Teknik anlamdaki kuvvetin yanında hoşuma giden bir detayı daha paylaşmak istiyorum. Artık görev esnasında müzik çalıyor. Bahsettiğim radyo müziği değil. Oyun için bestelenen, göreve uygun müzikler çalıyor. Konsepte inanılmaz yakışan bu müzikler, bir soygun görevi öncesinde sizi anında havaya sokuyor. Seri adına olması gereken bir gelişme sonunda GTA 5’te gerçekleşmiş. 
Müzik demişken radyo kanallarının da taş gibi yerinde durduğunu söylemeliyim. Sayıları artmış ve müzik çeşitliliği de inanılmaz iyi. Yani aslında bir sürpriz yok, her şey olması gerektiği gibi, GTA kalitesinde.
GTA 5’in üst düzey bir yapım olduğu şüphe götürmez bir gerçek. (Her ne kadar bizim ofiste aksini düşünenler olsa da.:)) Ancak bazı konularda beni üzdüğünü yazı içerisinde hissetmişsinizdir.
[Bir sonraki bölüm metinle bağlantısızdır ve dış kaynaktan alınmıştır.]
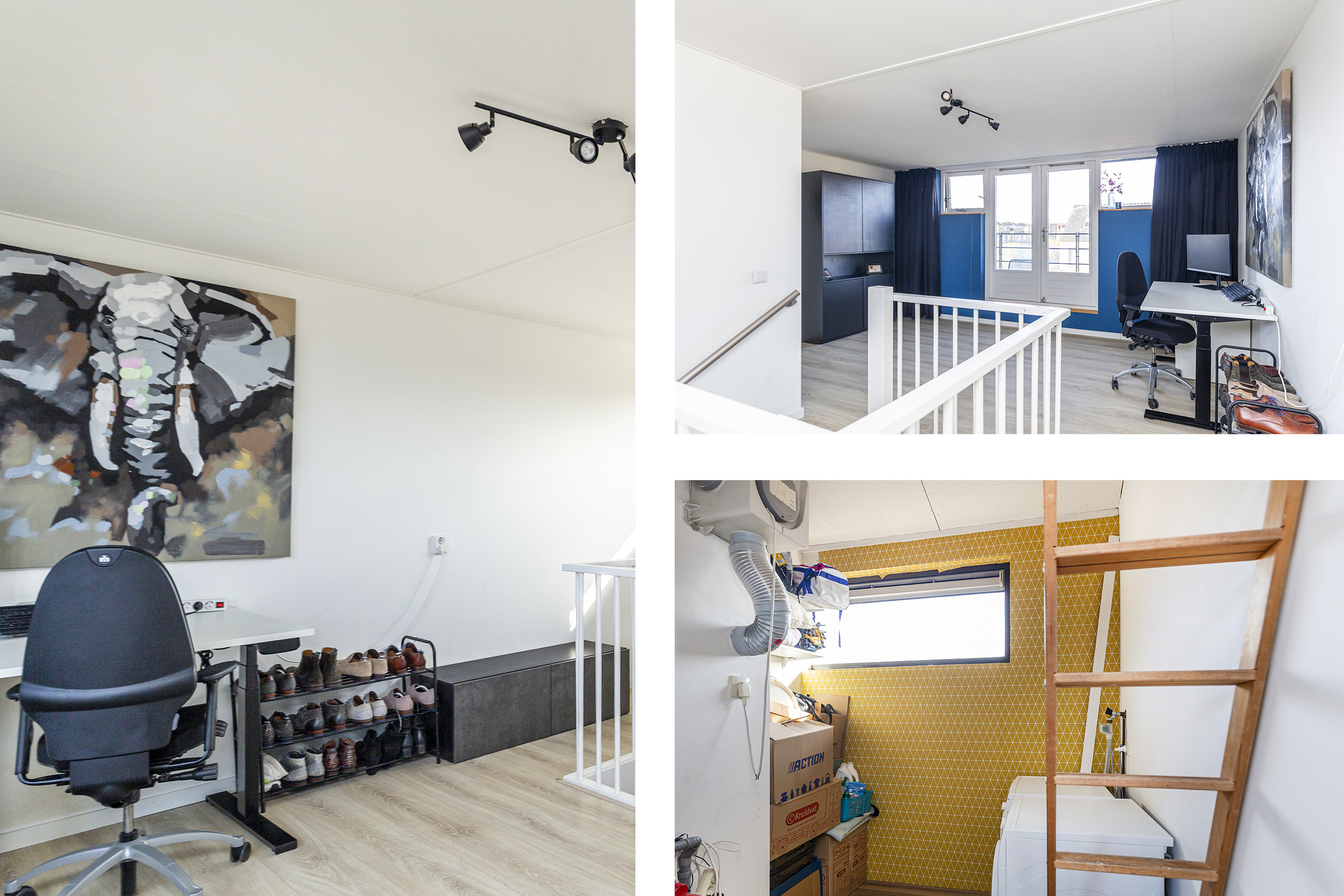 Op de eerste verdieping bevinden zich drie volwaardige slaapkamers. De woning beschikt daarnaast over een ruime zolderverdieping, die uitstekend geschikt is als werkkamer, hobbyruimte of extra slaapkamer. Ook is er een zeer ruime vliering aanwezig voor extra opslag.

Özellikle GTA 4 ile beraber gelen görev kalitesindeki bu bir adımlık geriye gidiş ve tempo kaybı beni GTA 5 adına en çok üzen durum oldu. Fakat açık dünya oyunu olarak ele alındığında ‘manyaklık’ derecesindeki detaylılığıyla GTA 5 gibi bir oyun, kaçırılmaması gereken nadide bir çiçeğe dönüşüyor. Michael, Trevor, Franklin bahane, GTA 5 şahane sevgili okurlar. Oyun dünyasında az rastlanır bu yapımı denemeden es geçmeyin, bir oyuncunun ucundan da olsa muhakkak oynaması gereken bu yapımı kaçırmayın.